FloatingGhost · 20 May 2024 15:31

my only other theory for why the pruner might not be running would be maybe you’ve got some override somewhere (configdb?) that is somehow changing the plugins setting

not sure if you can do that via adminfe but maybe if it wasn’t enabled before the setting got moved to configdb and sorta lives there?

Oneric · 20 May 2024 16:16

Looking at the plugin source nothing stands out in particular, other than a check for cluster leadership which if failed prevents any pruning. Is your DB clustered?

If it persists, copying upstream’s code into a custom module, adding some debug logs and using it instead of upstream’s pruner might give more insight. If nothing else it should reveal whether it runs at all

ilja · 22 June 2024 17:06

It’s working again! (Also, I may be spamming your instance with month-old fetch-requests)

I was able to make some time to work on my instance again today. I decided to first update and then maybe check this. After the update, I restarted my instance and saw the following lines in the error logs (not sure why I didn’t see/notice it last time)

[error] The `oban_peers` table is undefined and leadership is disabled.
Run migrations up to v11 to restore peer leadership. In the meantime, distributed plugins
(e.g. Cron, Pruner) will not run on any nodes.

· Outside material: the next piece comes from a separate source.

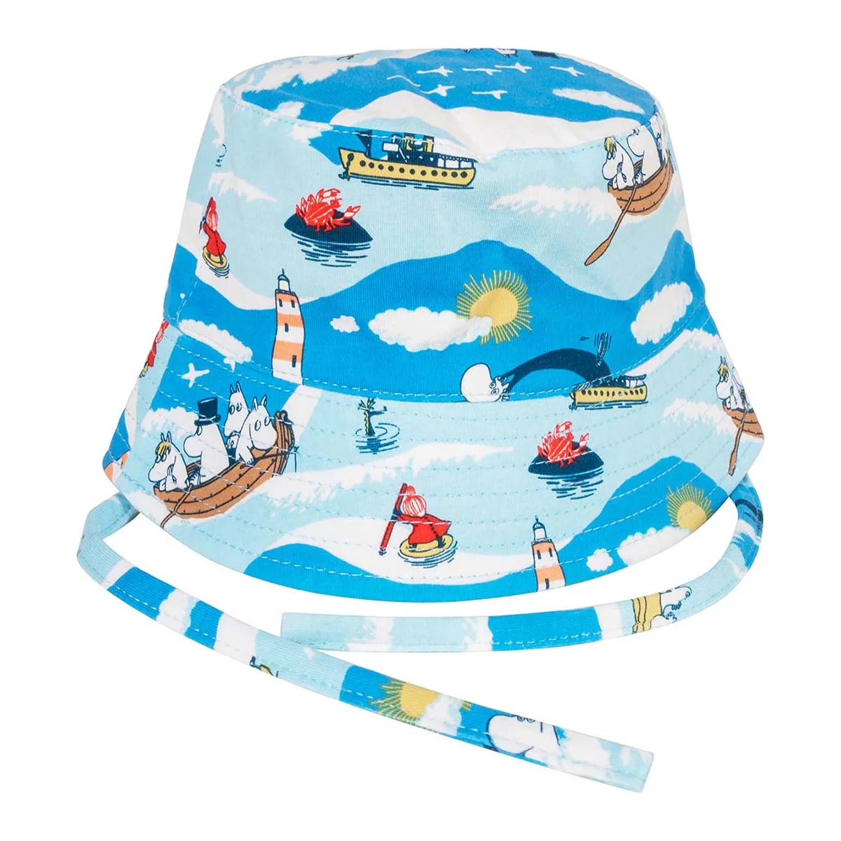En mjuk och skön Mumin solhatt för baby. Solhatten har knytband under hakan som håller den på plats. Produkten innehåller certifierad ekologisk bomull. Öko-tex.
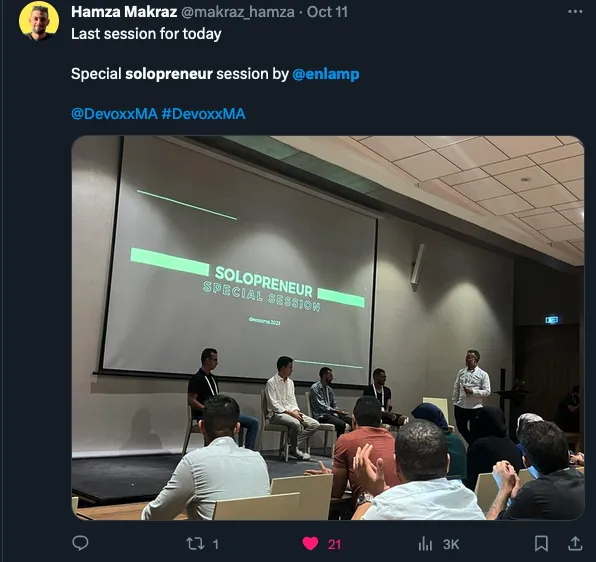 I think that’s what made people ask so many questions, the curiosity and the feeling that behind the fears was the possibility of freedom. I hope this will break silos even more in pure DevOps fashion, as Devoxx Morocco invested in this solopreneur session.

This is interesting, because this can explain the symptoms I was seeing. Apparently some table is missing, and it needs to get there through a migration. I checked the database and the table was indeed missing. The migration, however, is part of Akkoma (20220718102634_upgrade_oban_to_v11.exs) and mix ecto.migrate showed all migrations up. This migration ends with calling Oban migration with version 11 (which is correctly done as it should be), which should correspond to https://github.com/sorentwo/oban/blob/main/lib/oban/migrations/postgres/v11.ex who indeed creates this missing table.

I eventually reran the migration by copying the file, renaming the module name and run mix ecto.migrate again. Now the table is there and after restarting I immediately saw four-month old posts coming in. Querying the oban_jobs table also shows a lot of activity happening, indicating it’s working now.

I have no idea what happened that the migration supposedly ran, while clearly something went wrong. I also can’t really be sure this is the only one. But at least it’s working again. And since no one else seems to have the same problem, it doesn’t seem like a general issue, so I’ll leave it at that.

Thank you for everyone who helped thinking along!